Philly Parking Authority drops demand that city schools repay $10.8M
(Philadelphia Tribune photo)
By Brian Saunders
PHILADELPHIA — The Philadelphia Parking Authority walked back its request for $10.8 million repayments from the School District of Philadelphia this week.
The Parking Authority annually splits its on-street parking revenue between the city and the school district, according to NBC-10 in Philadelphia, In 2020, the parking authority paid $14.4 million to the school district, $10.8 million of which was an “overpayment,” authority officials claimed.

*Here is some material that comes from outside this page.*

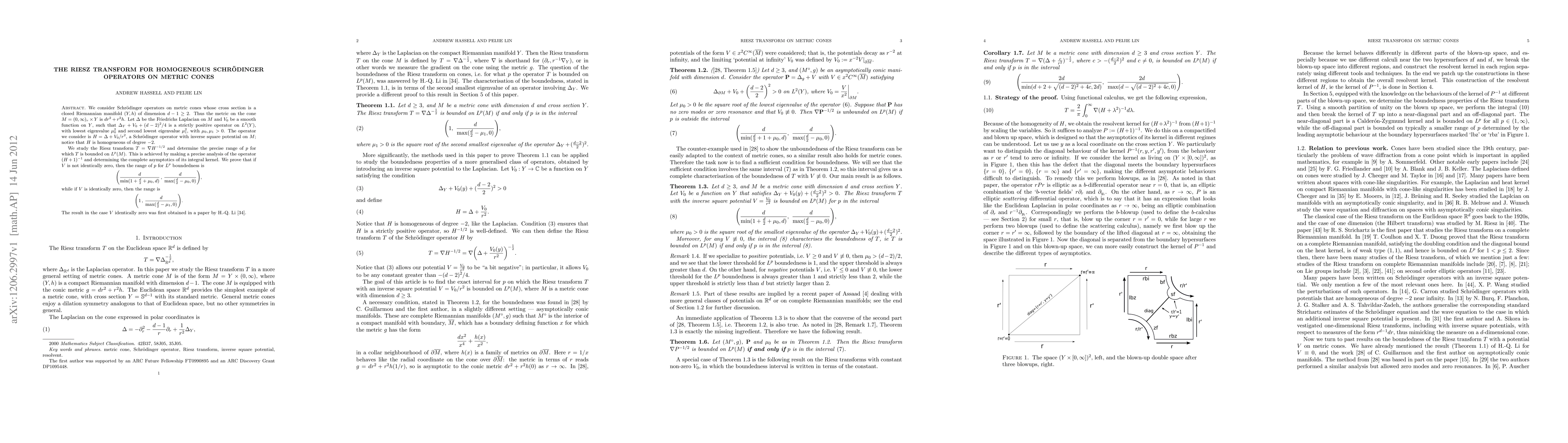 We consider Schroedinger operators on metric cones whose cross section is a closed Riemannian manifold $(Y, h)$ of dimension $d-1 \geq 2$. Thus the metric on the cone $M = (0, \infty)_r \times Y$ is $dr^2 + r^2 h$. Let $\Delta$ be the Friedrichs Laplacian on $M$ and $V_0$ be a smooth function on $Y$, such that $\Delta_Y + V_0 + (d-2)^2/4$ is a strictly positive operator on $L^2(Y)$, with lowest eigenvalue $\mu^2_0 $ and second lowest eigenvalue $\mu^2_1$, with $\mu_0, \mu_1 > 0$. The operator we consider is $H = \Delta + V_0/r^2$, a Schr\"odinger operator with inverse square potential on $M$; notice that $H$ is homogeneous of degree -2. We study the Riesz transform $T = \nabla H^{-1/2}$ and determine the precise range of $p$ for which $T$ is bounded on $L^p(M)$. This is achieved by making a precise analysis of the operator $(H + 1)^{-1}$ and determining the complete asymptotics of its integral kernel. We prove that if $V$ is not identically zero, then the range of $p$ for $L^p$ boundedness is $$ d/ \Big(min(1+d/2+\mu_0, d \Big) < p < d / \Big(max(d/2-\mu_0, 0) \Big),$$ while if $V$ is identically zero, then the range is $$ 1 < p < d / \Big(max(d/2-\mu_1, 0 \Big).$$ The result in the case $V$ identically zero was first obtained in a paper by H.-Q. Li.

“From the beginning, I made it clear that the Parking Authority was never going to take a single dollar back from our schools, at-large City Council member Helen Gym said. “Today’s concession by the PPA, a $10.8 million reversal, proves they egregiously overstepped and, once again, underestimated the power of our school communities.”
Gym said the PPA has instances of financial mismanagement and forced leadership changes, and surprises in its budget.
Philly Councilmember Gym wants answers on Parking Authority’s $11M demand from city schools
“The need for independent oversight has never been more evident, and today’s announcement does not change that fact. I once again reiterate that the PPA cannot continue to be allowed to have final say over its own budget. The City of Philadelphia should sign off on the PPA’s budget.
“We must get to the bottom of how this request came to be and determine whether the School District is actually owed funds by the PPA.”
In February, Gym said she would be investigating PPA with an official hearing and will still be moving forward with that regardless of the backtrack from the parking authority.
City Council President Darrell Clarke said he was pleased that the parking authority and the city resolved their financial dispute.
“Every dollar or amount of revenue delivered to the School District should remain with the School District to deliver on its primary responsibility of educating every child in its schools. Whatever the nature of this dispute, the only thing that truly matters is educating our children and ensuring the District has the resources it needs to do so.”